Emma Jolly, in the article Dickens and London

Emma Jolly writer, historian, genealogist
  1. Save Camden Local Studies and Archives

    On 19 May 2011, Dan Carrier reported in the Camden New Journal (link to online article) that Camden Local Studies and Archives (Camden LS Homepage) is under threat of closure following the publication of the results of the Council’s library consultation.

    The article stated: “as the results of a library consultation are number-crunched and the Town Hall considers how to cut about 25 per cent of the service’s budget, the archives look likely to be merged with Islington’s or closed.”

    John Richardson, Chairman of the Camden History Society (http://www.camdenhistorysociety.org/) argues the consultation suggested that respondents “were in favour of spending less on local studies, not closing it.”

    It is not likely that Camden can merge its archives with that of Islington as Islington’s Local History Centre (Local History Centre) does not have the space to retain the vast resources that Camden LS currently holds (believed to be 180,000 items). Recent rumours suggest the archive could move to London Metropolitan Archives (http://search.lma.gov.uk/opac_lma/index.htm) However, critics of this move, such as the Camden History Society, point out that staff at LMA do not have the Camden-specific knowledge and experience that current researchers find so useful.

    As Dan Carrier wrote, the collection includes muskets from “the Napoleonic wars to maps of every drain in the borough”. With the bicentenary of Charles Dickens’ birth in a few months time, it is important to note that three Dickens unpublished letters are also held in Camden LS. Many of these items are uncatalogued. In London, the only archive larger than Camden’s is that of Westminster City Archives (http://www.westminster.gov.uk/services/libraries/archives/).
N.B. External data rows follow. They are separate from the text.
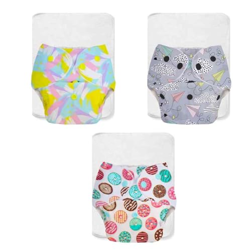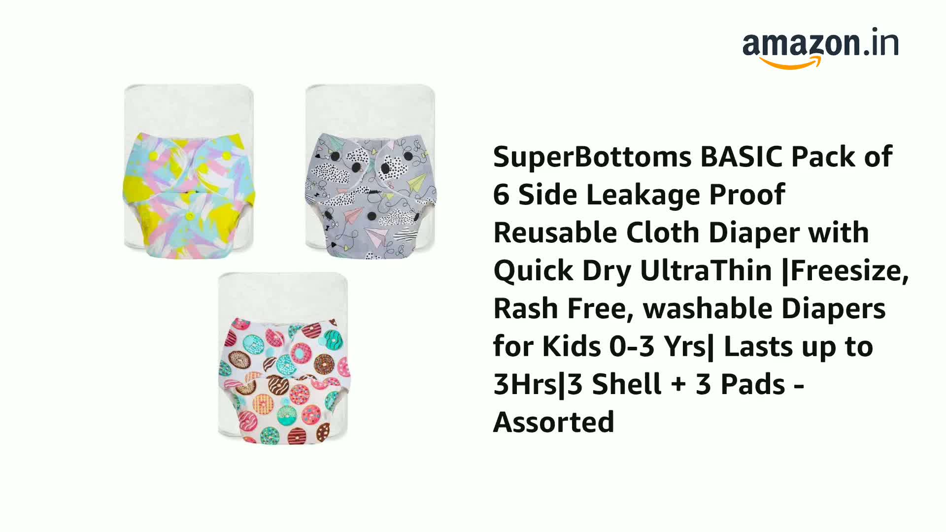 SuperBottoms BASIC Pack of 6 Side Leakage Proof Reusable Cloth Diaper with Quick Dry UltraThin |Freesize, Rash Free, washable Diapers for Kids 0-3 Yrs| Lasts up to 3Hrs|3 Shell + 3 Pads - Assorted
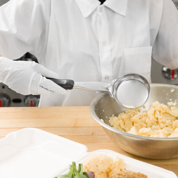 Control portions and maximize profits with this Vollrath Jacob's Pride® 6433420 Spoodle®! Perfect for creating consistent serving sizes and dishing up just the right amount of dips, dressings, sauces, gravies, and more, this kitchen staple combines the convenience of a serving spoon and the accuracy and consistency of a ladle. Practically designed, this Spoodle® features a built-in stopper notch to prevent the handle from sliding into food pans, and a textured, ergonomic handle to reduce hand fatigue.
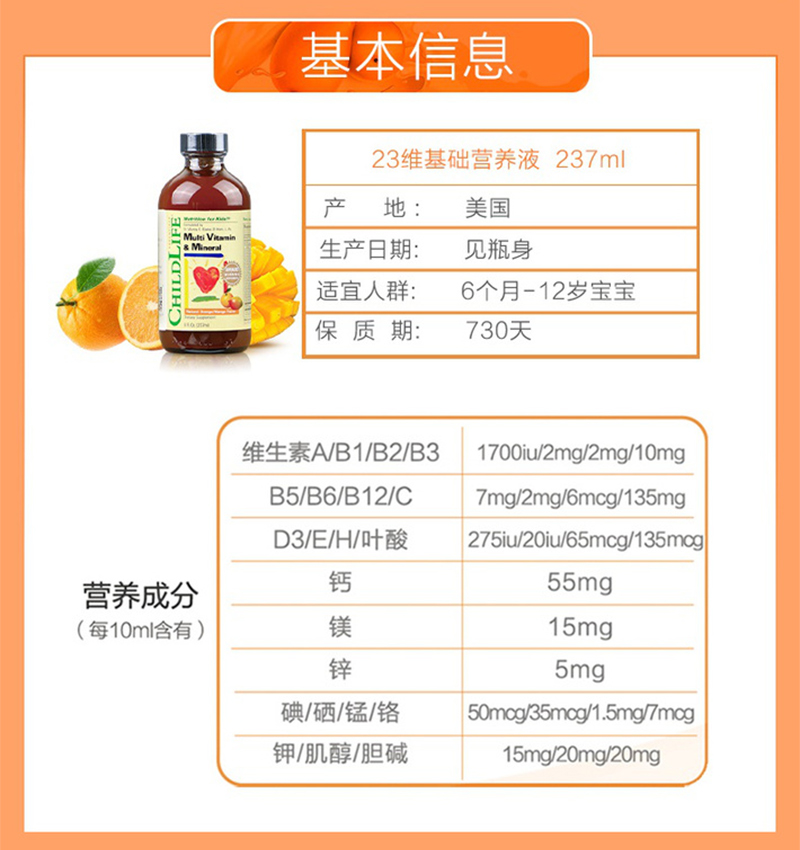 美国童年时光 23种维生素237ml

    It is ironic that councillors are looking to closing the Archives as part of a cost-cutting exercise. On numerous occasions, the Archives have, in fact, helped Camden Council to save money. Former chief archivist Malcolm Holmes told the New Journal of one example whereby using some of the old maps in the collection enabled the Council to save “around £150,000 in 1970s money”.

    It is also odd that Camden’s Council should choose to close the archive whilst in nearby Hackney a new state-of-the-art Archives is currently being built (http://www.hackney.gov.uk/ca-archives.htm) The borough of Hackney is just as badly affected by the cuts, and it is unclear why  investments in local history can be made by its Council but not by Camden’s.
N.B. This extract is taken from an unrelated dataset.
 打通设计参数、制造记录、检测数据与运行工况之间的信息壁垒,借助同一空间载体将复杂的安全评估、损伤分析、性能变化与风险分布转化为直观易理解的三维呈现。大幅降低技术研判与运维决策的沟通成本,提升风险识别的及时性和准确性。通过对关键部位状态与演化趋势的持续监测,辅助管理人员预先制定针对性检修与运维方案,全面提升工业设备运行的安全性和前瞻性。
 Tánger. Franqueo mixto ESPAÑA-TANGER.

    Camden Local Studies and Archives helps a wide variety of people – many of whom live outside the borough and were not party to the consultation. Those who currently use the Archives include: social, economic & house historians, genealogists, economists, journalists, teachers, schoolchildren, students, council employees, lawyers, builders, and authors. For family historians, its collections of parish rate books (dating from 1726),  local newspapers, electoral registers, theatre programmes, the registers of Highgate Cemetery and the photographs of local interest are invaluable. It also holds the unique Heal Collection on St Pancras and the Kate Greenaway Collection.
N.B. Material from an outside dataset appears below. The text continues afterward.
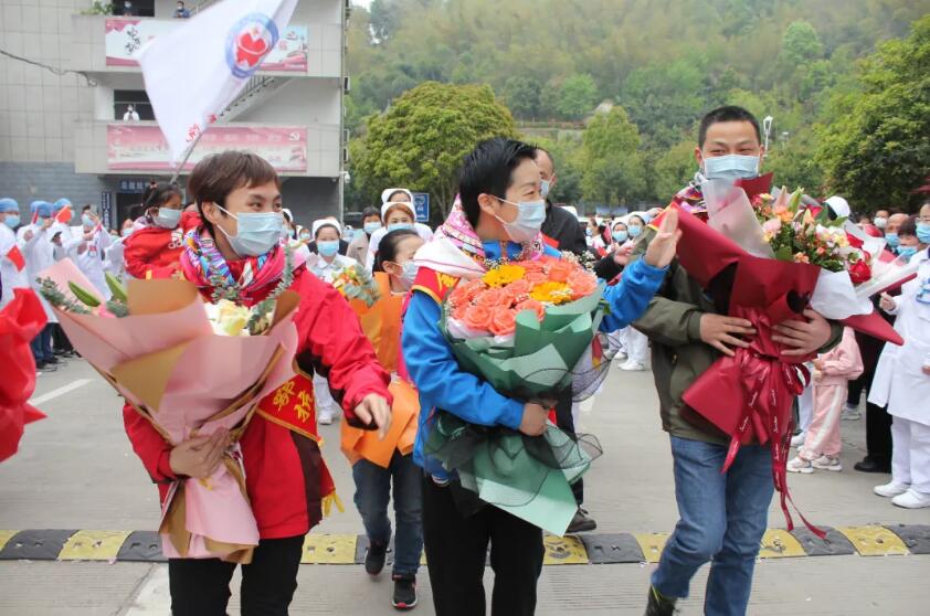 援鄂医疗队队长吕绍蕊动情的说道:“我们没有辜负党和人民的信任与重托,顺利完成了任务,平安归来!”驰援湖北是人生中最难忘也是最宝贵的经历。在一个多月的时间里,他(她)们与其他医疗队员一起,克服重重困难,团结一心,打了一场漂亮的疫情阻击战。而在前方英勇战“疫”的同时,他们也收获了来自县委县政府、县卫健委、县人民医院领导同事及家人朋友的关心、关怀,让他(她)们能够解除所有后顾之忧,全身心地投入工作。面对疫情,他(她)们逆行出征;今朝归来,他(她)们整装再战。3位白衣战士接受一段时间休整后将重返各自工作岗位,与同事们一起为取得抗击疫情的最后胜利、保卫人民健康继续战斗。

    Those who have voiced concern about the impending closure, include best-selling author of The Fields Beneath, Gillian Tindall, as well as Camden New Journal readers from London and beyond. In a letter to the newspaper, Camden resident, Lester May, wrote that, “Camden Council seems set on closing the local studies library and archives service in order to save around £135,000 . . . Thus one of the best resources of its kind in London, perhaps in the country, will be lost and this at a time when more people are interested in their family and local history than ever before. . . The loss of the local studies collection and archive would be permanent. There is sufficient in the council’s reserve of £95.8million for consideration to be given to funding the local studies library and archive service such that it is retained as a local service within the borough, ideally where it is currently located in Holborn.”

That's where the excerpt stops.